*Provided material*

________________________________________

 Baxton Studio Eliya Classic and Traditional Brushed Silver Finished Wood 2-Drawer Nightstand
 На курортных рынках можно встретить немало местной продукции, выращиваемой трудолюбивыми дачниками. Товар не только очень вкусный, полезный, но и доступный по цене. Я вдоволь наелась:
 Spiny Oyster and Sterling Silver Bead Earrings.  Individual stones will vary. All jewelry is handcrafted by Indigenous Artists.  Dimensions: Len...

________________________________________

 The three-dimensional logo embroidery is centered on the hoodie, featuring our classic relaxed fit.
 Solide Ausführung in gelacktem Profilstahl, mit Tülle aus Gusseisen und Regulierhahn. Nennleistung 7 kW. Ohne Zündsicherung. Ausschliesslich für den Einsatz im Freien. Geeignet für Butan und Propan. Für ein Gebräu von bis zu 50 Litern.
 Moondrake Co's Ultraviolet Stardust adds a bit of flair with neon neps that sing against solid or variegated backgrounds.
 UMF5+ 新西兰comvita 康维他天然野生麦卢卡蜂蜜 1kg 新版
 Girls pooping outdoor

________________________________________

*Task brief*
Whenever a line in the material above holds the string "Silver", copy that line in full.

*Output below*
 Baxton Studio Eliya Classic and Traditional Brushed Silver Finished Wood 2-Drawer Nightstand
 Spiny Oyster and Sterling Silver Bead Earrings.  Individual stones will vary. All jewelry is handcrafted by Indigenous Artists.  Dimensions: Len...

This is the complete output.